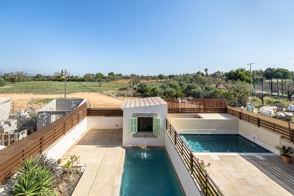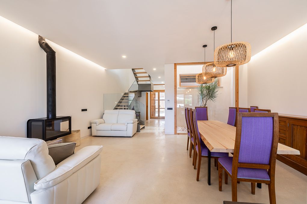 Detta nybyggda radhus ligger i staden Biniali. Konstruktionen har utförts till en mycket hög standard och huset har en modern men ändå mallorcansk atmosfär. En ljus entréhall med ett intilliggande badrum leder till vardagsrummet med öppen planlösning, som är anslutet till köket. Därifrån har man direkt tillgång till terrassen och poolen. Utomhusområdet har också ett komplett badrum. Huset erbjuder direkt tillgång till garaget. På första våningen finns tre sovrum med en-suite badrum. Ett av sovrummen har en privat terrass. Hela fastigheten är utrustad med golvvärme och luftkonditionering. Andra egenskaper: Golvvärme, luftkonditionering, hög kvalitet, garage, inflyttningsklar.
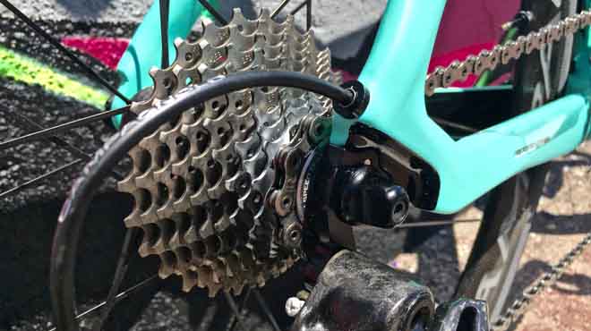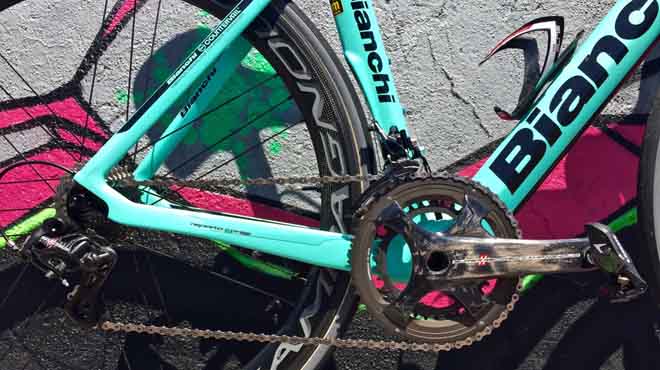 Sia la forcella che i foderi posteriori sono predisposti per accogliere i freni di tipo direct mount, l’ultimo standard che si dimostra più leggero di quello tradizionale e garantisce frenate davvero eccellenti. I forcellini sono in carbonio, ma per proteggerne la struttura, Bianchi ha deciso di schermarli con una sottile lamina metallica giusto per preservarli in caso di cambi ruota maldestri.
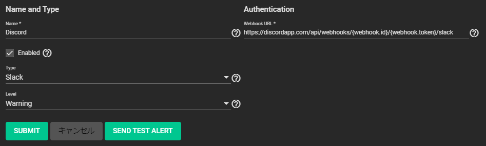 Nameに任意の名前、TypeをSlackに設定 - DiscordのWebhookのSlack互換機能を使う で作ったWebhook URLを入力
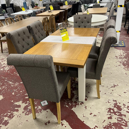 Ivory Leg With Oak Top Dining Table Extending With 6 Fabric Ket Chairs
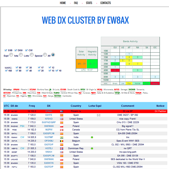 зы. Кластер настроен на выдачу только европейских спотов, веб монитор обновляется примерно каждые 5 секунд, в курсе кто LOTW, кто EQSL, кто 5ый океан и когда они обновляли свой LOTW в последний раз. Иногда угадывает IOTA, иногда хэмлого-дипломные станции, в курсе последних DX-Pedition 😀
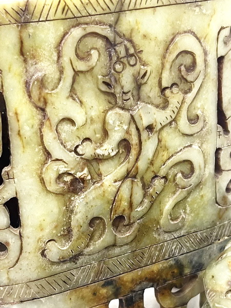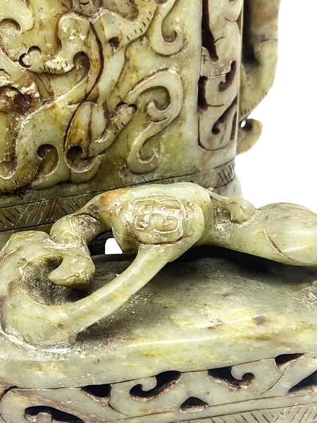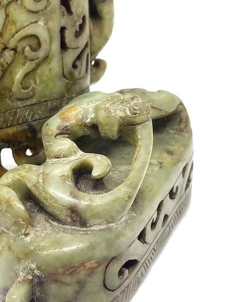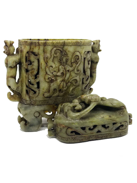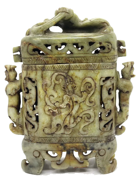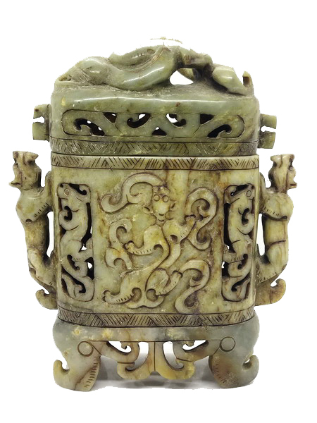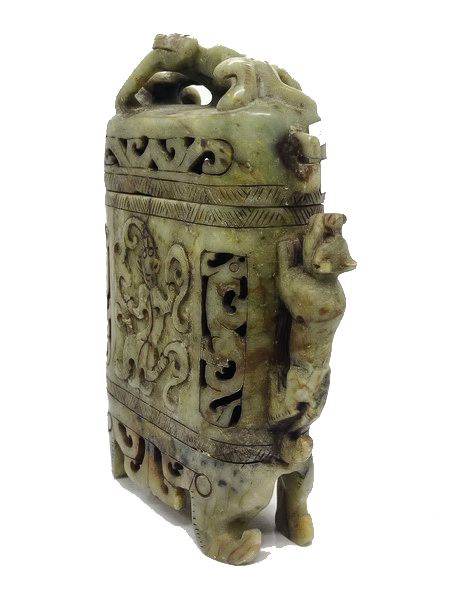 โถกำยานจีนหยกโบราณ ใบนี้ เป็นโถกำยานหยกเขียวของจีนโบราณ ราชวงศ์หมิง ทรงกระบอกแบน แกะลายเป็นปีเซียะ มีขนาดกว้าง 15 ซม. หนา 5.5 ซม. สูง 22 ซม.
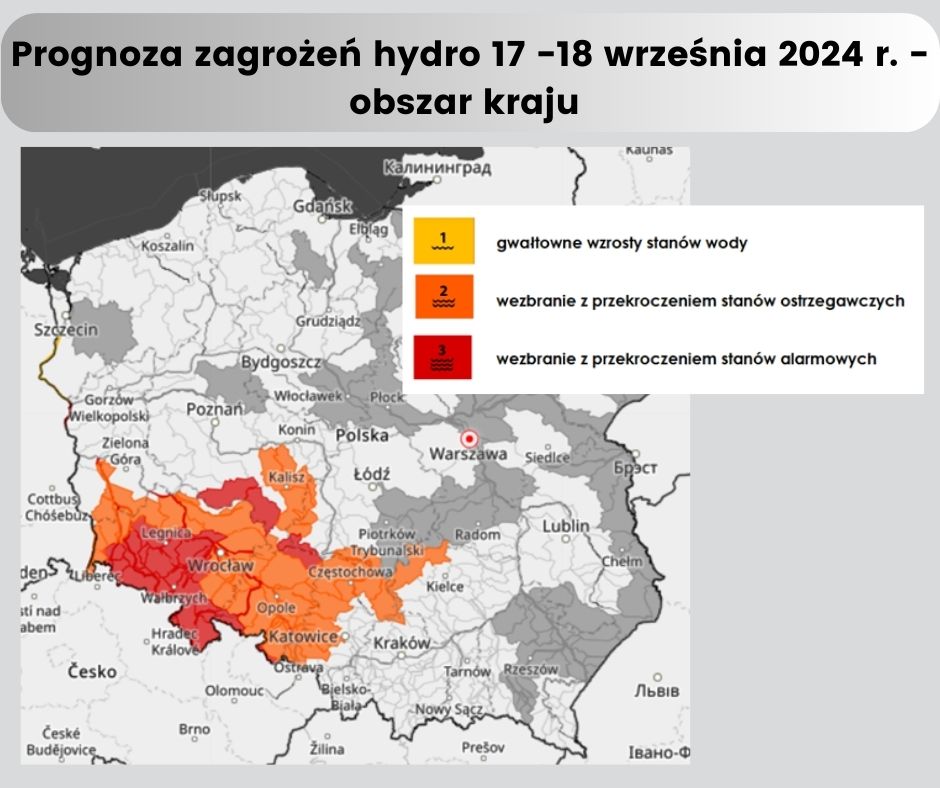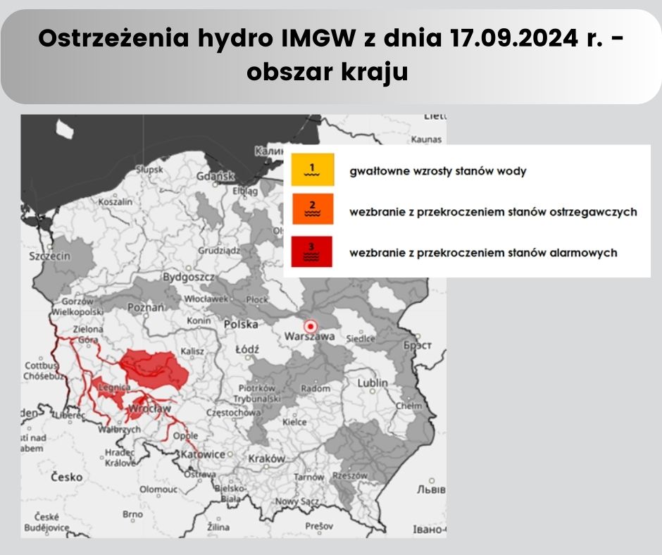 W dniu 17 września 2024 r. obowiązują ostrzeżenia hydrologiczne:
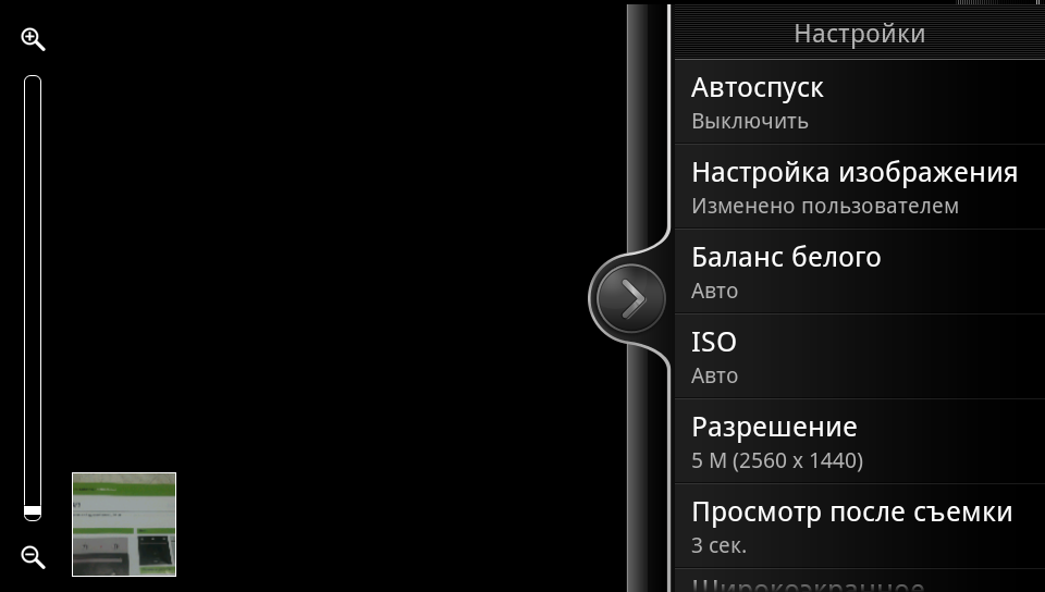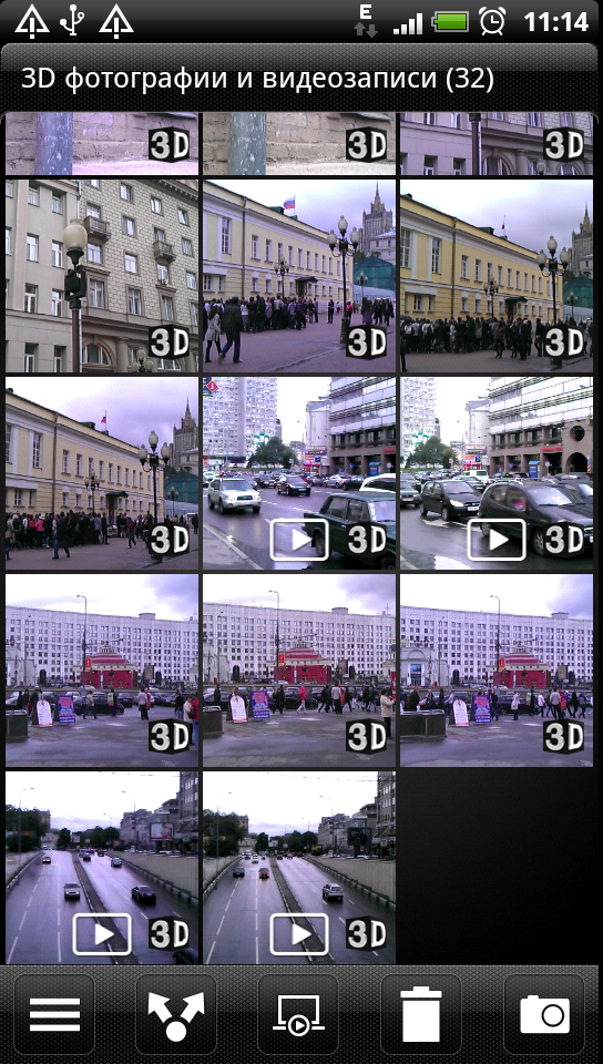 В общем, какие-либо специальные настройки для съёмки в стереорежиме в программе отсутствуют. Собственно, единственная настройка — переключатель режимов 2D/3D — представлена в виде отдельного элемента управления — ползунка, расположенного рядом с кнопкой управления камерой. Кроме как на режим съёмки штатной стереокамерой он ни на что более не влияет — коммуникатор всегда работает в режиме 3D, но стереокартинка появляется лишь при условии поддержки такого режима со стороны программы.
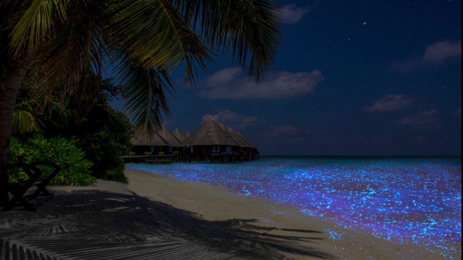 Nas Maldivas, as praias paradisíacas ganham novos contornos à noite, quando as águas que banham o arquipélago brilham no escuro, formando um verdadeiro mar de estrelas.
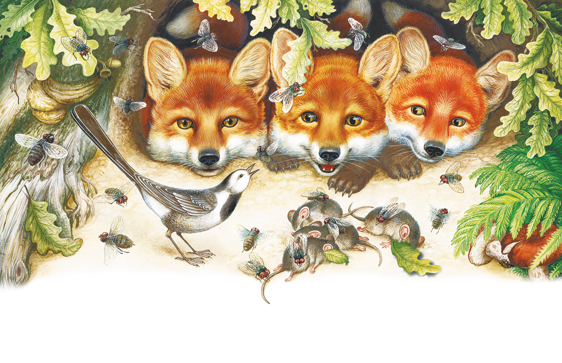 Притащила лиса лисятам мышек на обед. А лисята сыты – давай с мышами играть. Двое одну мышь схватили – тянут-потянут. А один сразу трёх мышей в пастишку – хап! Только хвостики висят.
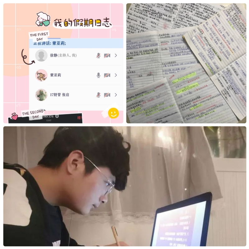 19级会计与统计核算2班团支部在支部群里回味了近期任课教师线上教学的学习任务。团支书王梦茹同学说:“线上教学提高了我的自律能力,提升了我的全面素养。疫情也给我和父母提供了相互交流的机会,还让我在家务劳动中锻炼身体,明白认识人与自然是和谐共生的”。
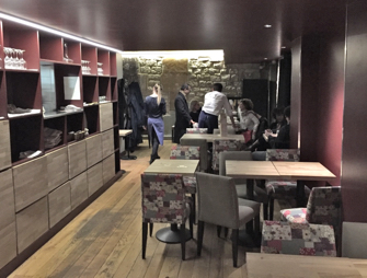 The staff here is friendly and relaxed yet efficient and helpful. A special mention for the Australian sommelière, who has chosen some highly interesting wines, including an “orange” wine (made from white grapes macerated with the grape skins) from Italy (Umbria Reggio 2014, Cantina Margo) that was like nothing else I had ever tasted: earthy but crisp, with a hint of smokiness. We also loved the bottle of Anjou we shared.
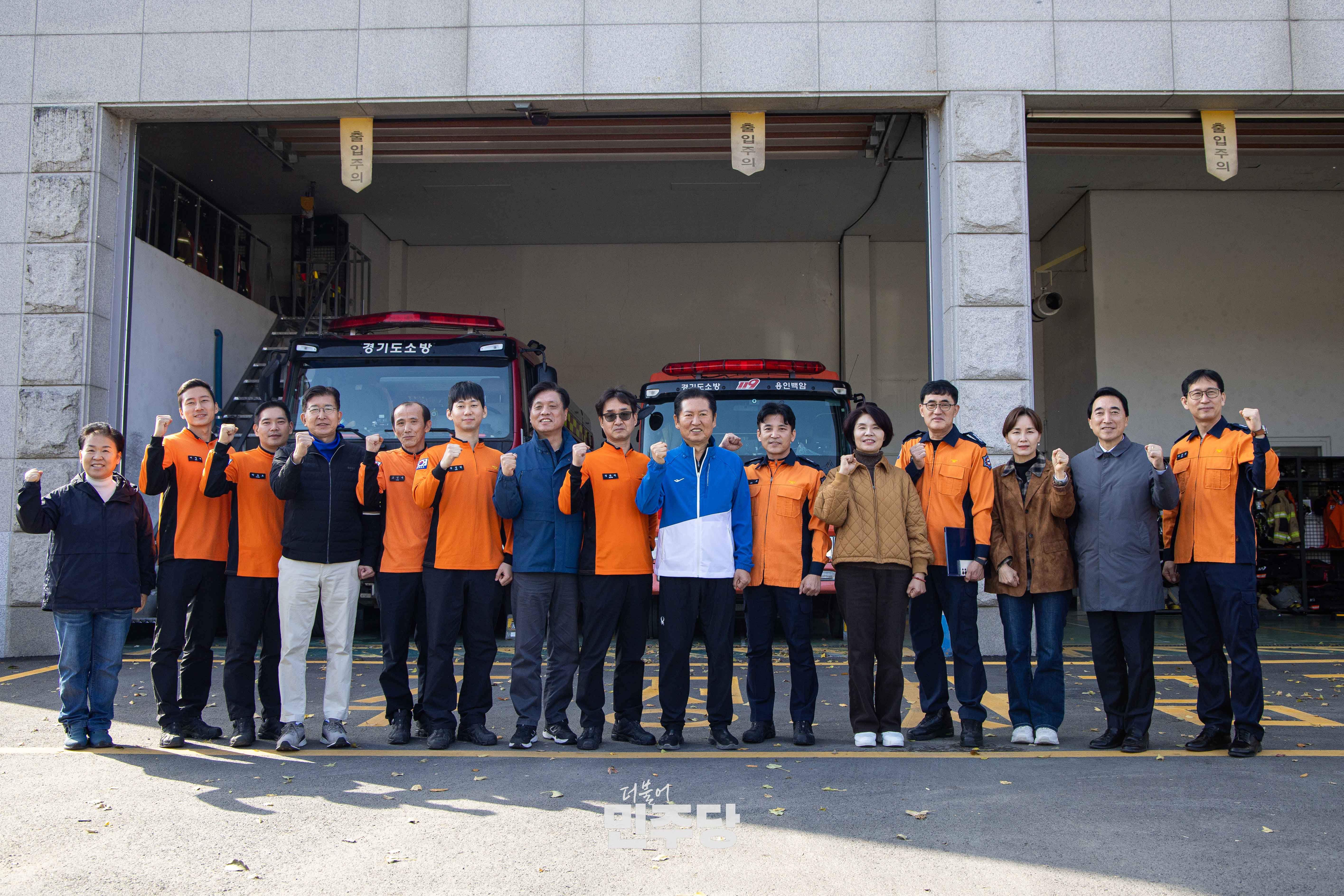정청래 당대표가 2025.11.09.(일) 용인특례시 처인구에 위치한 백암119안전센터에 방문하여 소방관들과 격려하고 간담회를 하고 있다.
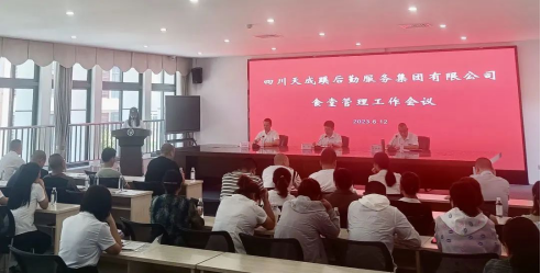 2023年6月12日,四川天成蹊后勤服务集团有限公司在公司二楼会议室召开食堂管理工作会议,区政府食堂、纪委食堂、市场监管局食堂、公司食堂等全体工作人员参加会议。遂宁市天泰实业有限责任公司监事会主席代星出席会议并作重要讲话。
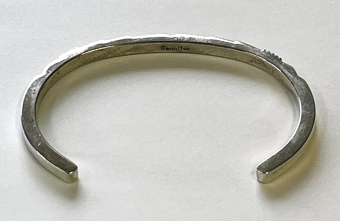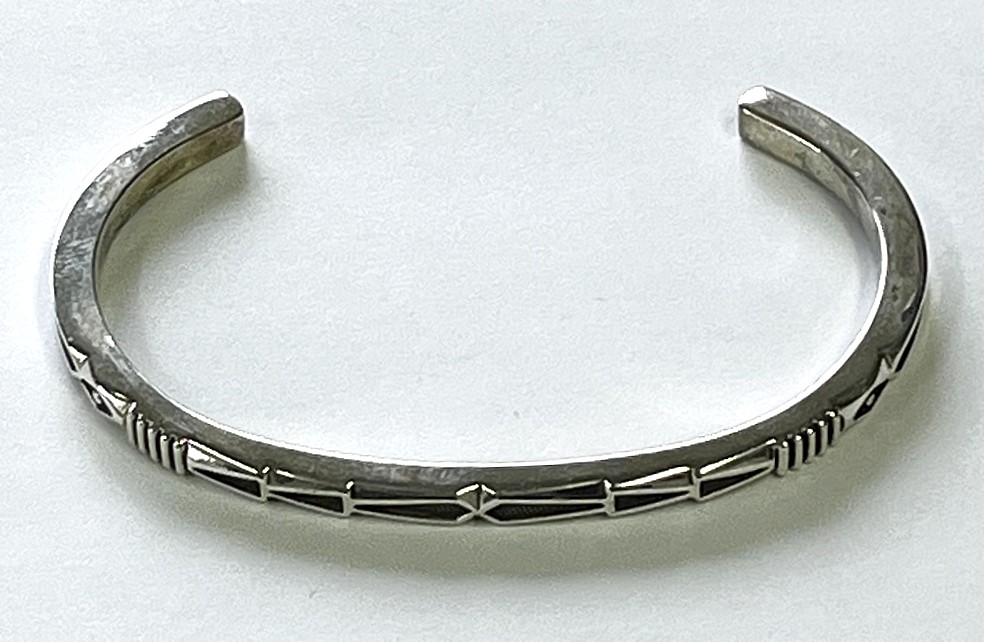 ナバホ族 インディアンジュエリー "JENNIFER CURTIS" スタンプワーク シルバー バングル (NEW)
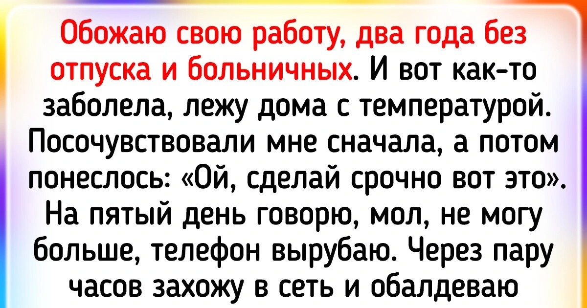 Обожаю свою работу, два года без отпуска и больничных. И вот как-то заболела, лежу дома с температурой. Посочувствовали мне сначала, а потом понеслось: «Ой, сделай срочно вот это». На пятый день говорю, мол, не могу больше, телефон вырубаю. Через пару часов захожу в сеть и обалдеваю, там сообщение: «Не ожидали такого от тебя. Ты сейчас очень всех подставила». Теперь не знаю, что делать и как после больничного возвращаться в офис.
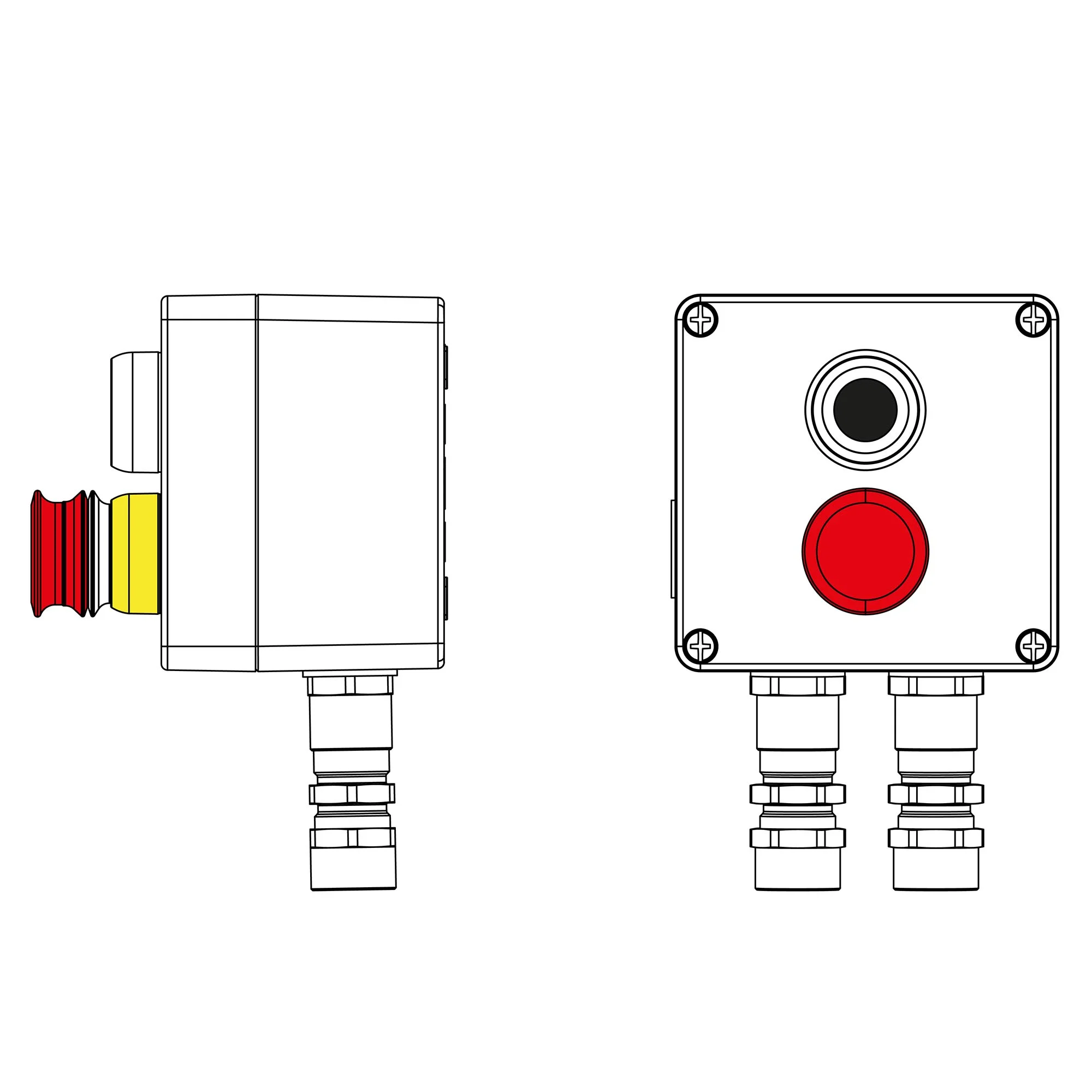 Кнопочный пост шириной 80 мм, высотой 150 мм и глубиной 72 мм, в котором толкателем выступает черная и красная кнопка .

WHAT THE TASK ASKS
The expected output is an exact copy of the lines from the top of the data above through the line containing "зы. Кластер настроен", both included, with every picture omitted.

RESULT OF THE EXERCISE
 Detta nybyggda radhus ligger i staden Biniali. Konstruktionen har utförts till en mycket hög standard och huset har en modern men ändå mallorcansk atmosfär. En ljus entréhall med ett intilliggande badrum leder till vardagsrummet med öppen planlösning, som är anslutet till köket. Därifrån har man direkt tillgång till terrassen och poolen. Utomhusområdet har också ett komplett badrum. Huset erbjuder direkt tillgång till garaget. På första våningen finns tre sovrum med en-suite badrum. Ett av sovrummen har en privat terrass. Hela fastigheten är utrustad med golvvärme och luftkonditionering. Andra egenskaper: Golvvärme, luftkonditionering, hög kvalitet, garage, inflyttningsklar.
 Sia la forcella che i foderi posteriori sono predisposti per accogliere i freni di tipo direct mount, l’ultimo standard che si dimostra più leggero di quello tradizionale e garantisce frenate davvero eccellenti. I forcellini sono in carbonio, ma per proteggerne la struttura, Bianchi ha deciso di schermarli con una sottile lamina metallica giusto per preservarli in caso di cambi ruota maldestri.
 Nameに任意の名前、TypeをSlackに設定 - DiscordのWebhookのSlack互換機能を使う で作ったWebhook URLを入力
 Ivory Leg With Oak Top Dining Table Extending With 6 Fabric Ket Chairs
 зы. Кластер настроен на выдачу только европейских спотов, веб монитор обновляется примерно каждые 5 секунд, в курсе кто LOTW, кто EQSL, кто 5ый океан и когда они обновляли свой LOTW в последний раз. Иногда угадывает IOTA, иногда хэмлого-дипломные станции, в курсе последних DX-Pedition 😀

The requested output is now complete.